My defeats make more news than wins: Pankaj Advani

My defeats make more news than wins: Pankaj Advani

"It's ironical that my losing makes more news than my winning nowdays. When I win it's like praises coming from all over places, but when I lose, it's like Oh! how come it happened. How did you lose? Very strange. You see very shocking reactions," Pankaj told PTI in an interview.

"I don't know what to do in that situation. Whether to feel happy that people expect so much from me or to feel disappointed that my being so low profile has been taken for granted. To get noticed, you have to be in the news for the wrong reasons. I can't do that, and so my win is taken for granted," the world champion said.

A miffed Pankaj went on to criticise the IPL, saying that more then sports, it is a mix of business and entertainment. "It's all about entertainment. Entertainment factor first than cricket. And people love all this," he said.

Pankaj, the youngest Asian to have won the IBSF titles for record a six times, said all the sports federations including Billiards and Snooker Federation of India (BSFI) should take a leaf out of BCCI's book on how to successfully promote and market their sports.

"Not on the similar lines like IPL, but something like that. It's a general comment that all the federations including BSFI should follow the example of BCCI and learn ways to promote and market their sports," he said.

"It's my personal view. To make cuesports more spectator friendly and increase its base, you need to get more and more people involved in this game. Like exhibition matches in shopping malls.

"Basically, it's an indoor game, so organise a tournament in an open arena. You need to come out with something out of the box thinking, some radical ideas. And that's where federation must come in and think over it."

"Players' job is to perform. Do the country proud.

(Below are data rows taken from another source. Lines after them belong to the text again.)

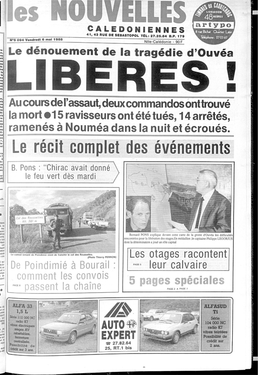 L'année 1988 débute avec la visite, le 12 janvier, du cyclone tropical Anne, "le plus fort qu'ait connu la région depuis 10 ans", titreront les Nouvelles Calédoniennes, dès le lendemain. Il fera la une du journal pendant plus de 5 jours, et tuera 2 personnes. Le 22 avril, 40 membres du FLNKS s'emparent de la gendarmerie de Fayaoué, y volent des armes, tuent 4 gendarmes et en kidnappent 27 autres, qui, pour une part d'entre eux, resteront pris en otage une dizaine de jours dans la grotte de Gossanah, la volonté étant de faire annuler le statut Pons, mis en place en début d'année, et refusant l'accès à l'indépendance. Le 5 mai, l'"Opération Victor" permet le "dénouement de la tragédie d'Ouvéa": la grotte de Gossanah est prise d'assaut par les commandos de l'armée, afin de libérer les otages. Cet acte conduira à la mort de 19 indépendantistes, et 2 militaires. Parallèlement, François Mitterrand est réélu président de la République le 8 mai, face à Jacques Chirac, qui lui, remporte un vrai succès en Calédonie, où il réalise 90 % des voix. Le 26 juin, l'accord de Matignon est signé. Fruit de négociations entre Jean-Marie et Jacques Chirac, il prévoit l'organisation d'un scrutin d'autodétermination local dans 10 ans. Il sera complété, le 19 août, par l'accord d'Oudinot, prévoyant le découpage des provinces. Le 6 novembre, un "oui" "du bout des lèvres" (57,04 %) est voté en faveur de la mise en place de ces accords sur le territoire.
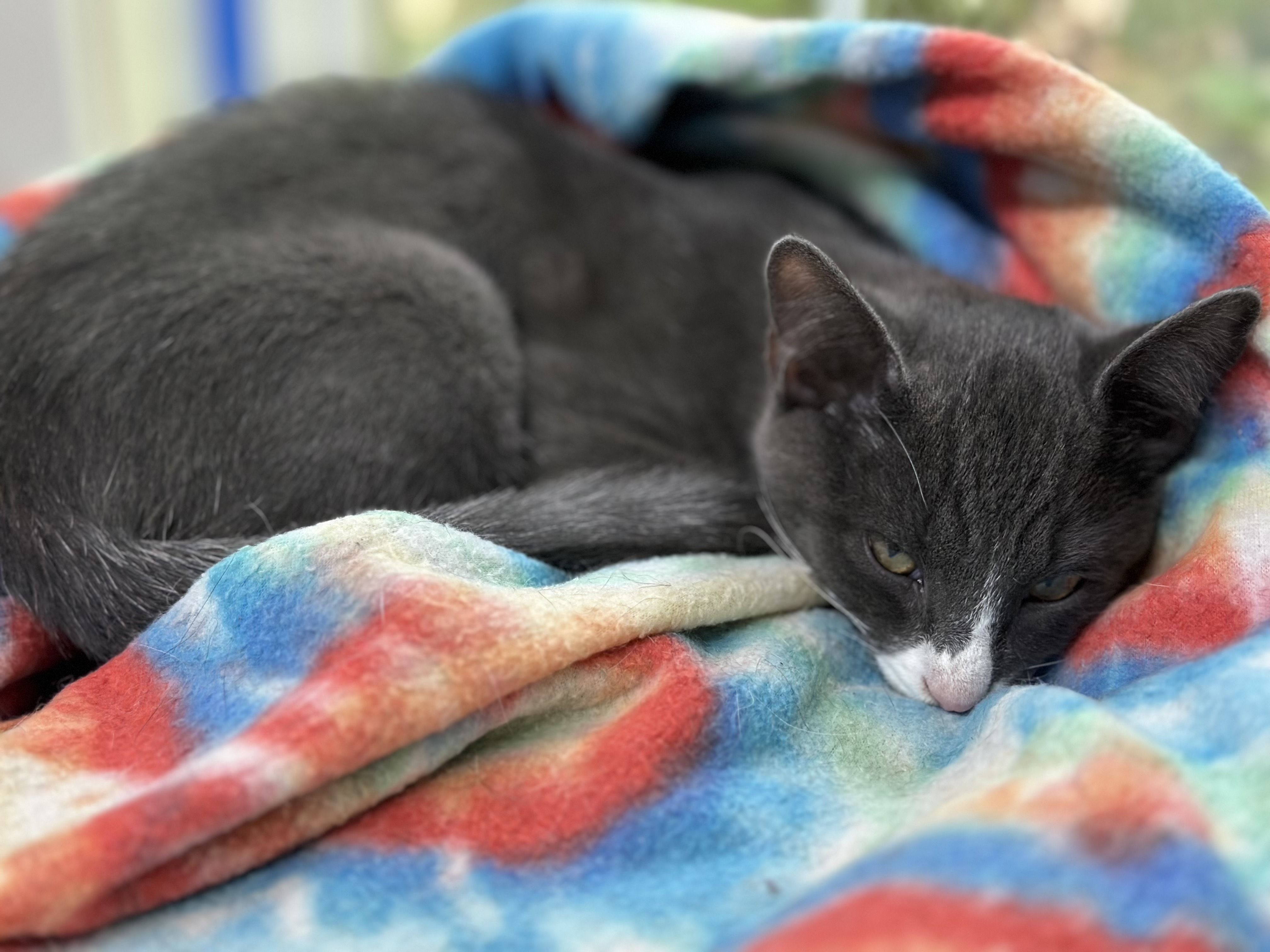Spay/neuter, vaccines (rabies and FVRCP/distemper), diagnostic testing (including FIV/FeLV), any additional medical care recommended by our vet, 1 bag starter food, 1 month flea/tick prevention, and 1-month access to Petcademy for post-adoption support.
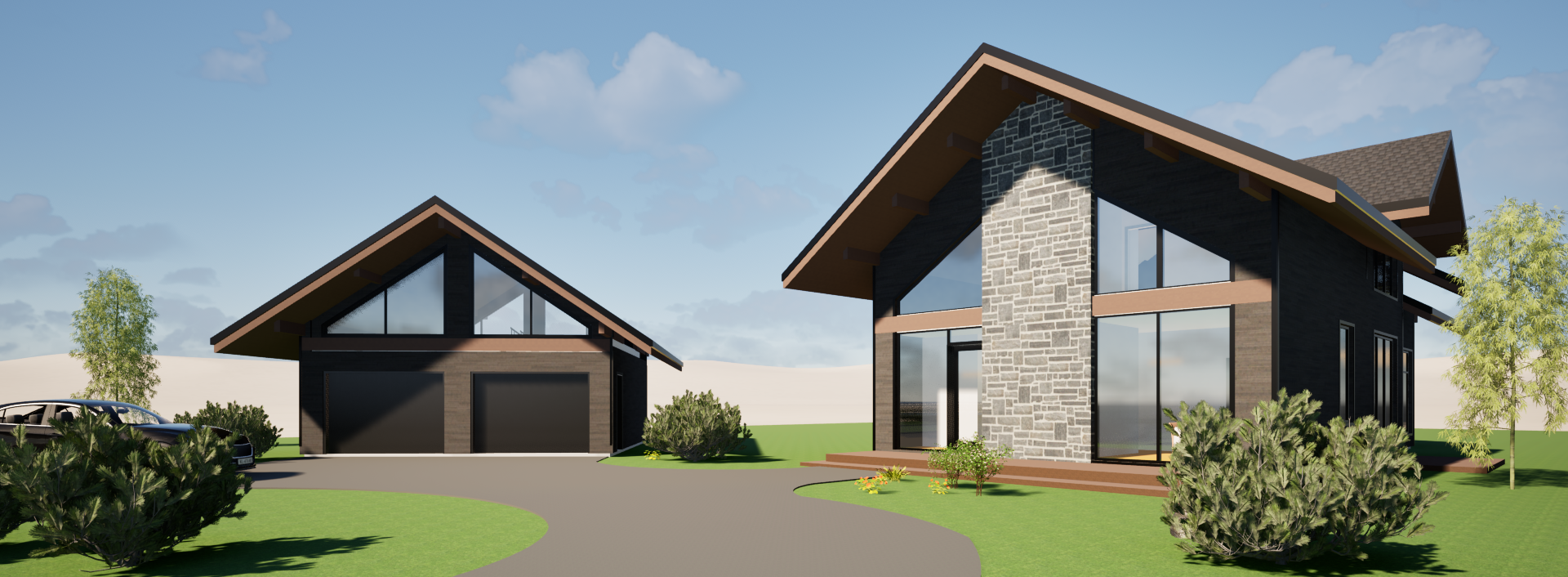render a serene residential scene featuring two modern a frame houses the houses have dark wooden exteriors contrasting with large clear glass windows the roofs have dark brown shingles with natural wooden accents surrounding the houses are lush green lawns and small bushes interspersed with a few slender trees with light green foliage the atmosphere is calm and inviting with a soft blue sky dotted with light clouds the sunlight casts gentle shadows highlighting the stone textures on the main house include a smooth curving driveway connecting the houses and ensure the overall mood is peaceful and welcoming
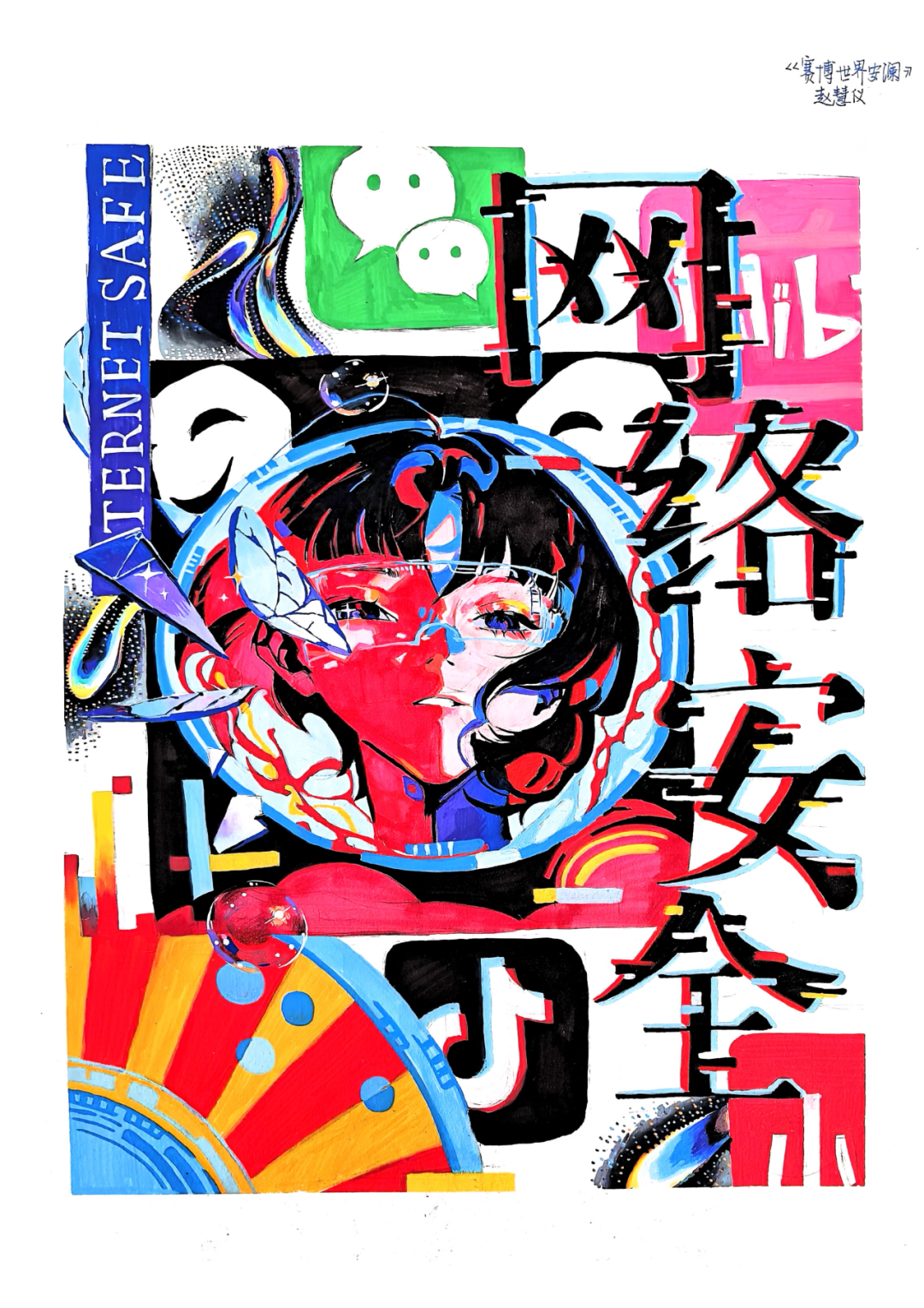 左半脸以热烈的红、橙为主,右半脸以冷调的蓝、白为主,形成强烈的冷暖对冲,隐喻网络世界中「真实自我」与「虚拟身份」的割裂,以及网络环境的双面性。少女佩戴未来感护目镜,搭配破碎感的冰晶装饰,既强化了赛博氛围,也象征着网络世界的「滤镜」与「伪装」,警示人们在虚拟空间中需保持清醒。

People who governs the sport, they need to be more pro-active in marketing the game," said Pankaj, the only cueist to have won twin titles (point and time formats) at the IBSF World Billiards championships not once but twice.

Pankaj feels that it's high time the country starts appreciating heroes from other sports. "In India, when you talk about sports, most of the parents are of the view that it's a waste of academic future. This shows there lack of passion for sports.

"You have great sportspersons in every field where they have achieved everything they want. Huge bunch of achievers we have in India and that's inspirational," he said.
Expectations have always sat heavy on this young player's slim shoulders, but he's learnt to deal with them.

"I have reached a stage in my career where I don't have to prove anything to anyone. After winning seven world titles and five Asian titles, I really don't need to prove anything. If last five years results are to go by, I think I have done my bit and achieved everything," he said.

"My next aim is to become India's best sportsperson. To achieve everything that a sportsperson wants to achieve in his career. I am the best in cuesports and I have no qualms admitting that and there is no suspicion about that."

On upcoming tournaments, Pankaj said, "I will be participating in Asian Snooker championship in May in Thailand, World billiards and snooker championship in August, September and then Asian Games in November in China."